Data Miner Recipes - Options Tab

The Options tab of Data Miner Recipes is used to set global options for recipes. Since most of these options are applied to the Data preparation step, they should be set prior to starting work on a new recipe. Modifications to the values on this tab only apply to the current recipe unless the Save defaults button is clicked.

Data Miner Recipes automatically samples data for analyses on large data sets. Sampling is used when the file size is large or the number of variables times the number of cases is large. This tab contains options that define a large data set.

Global settings.

Attach input file to Project Workbook on saving if file size is less than. Statistica includes the data file used in the Data preparation step in the Report on saving the project. By default, data files that are 20 kilobytes or smaller are included. The maximum file size that will be included is 10,000 kilobytes. The input file will be attached to the Project Workbook on save, but will NOT be embedded into the Project Workbook. To review the input file after opening the project, select View data file from the Report button drop-down list (located on the Steps tab).

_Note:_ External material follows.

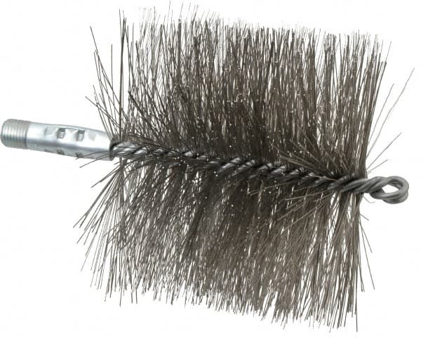 Schaefer Brush - 4-1/2" Brush Length, 5" Diam, Double Stem, Double Spiral Tube Brush - 7-1/4" Long, Stainless Steel, 1/4" NPSM Male Connection

Use default sampling. By default, large data sources are sampled when the file size is greater than 10 megabytes or the number of variables times the number of cases is greater than 200,000. Clear this check box if you want to define different values using the options described below.

Data size for efficient processing user defined.

Enable automatic sampling if file size exceeds. This option only impacts the recipe when the Use default sampling check box (described above) is not selected. When you want to change the definition of a large data set for automatic sampling, enter the value here. By default it is set to 10 megabytes. A large data set can be defined as 1 to 500 megabytes.

Enable automatic sampling if Number of Variables * Number of Cases exceeds. This option only impacts the recipe when the Use default sampling check box is not selected. When you want to change the definition of a large data set for automatic sampling, enter the value here. By default it is set to 200,000. A large data set can be defined as 10,000 to 2,147,483,647.

Generate C/C++ code for models. Select this check box to create C/C++ code for the models that were generated on the Model building step. The code can be viewed in the Deployment step.

Reset defaults. Click this button to reset the values to their original default settings.

Save defaults. Click this button to retain the settings for future recipes.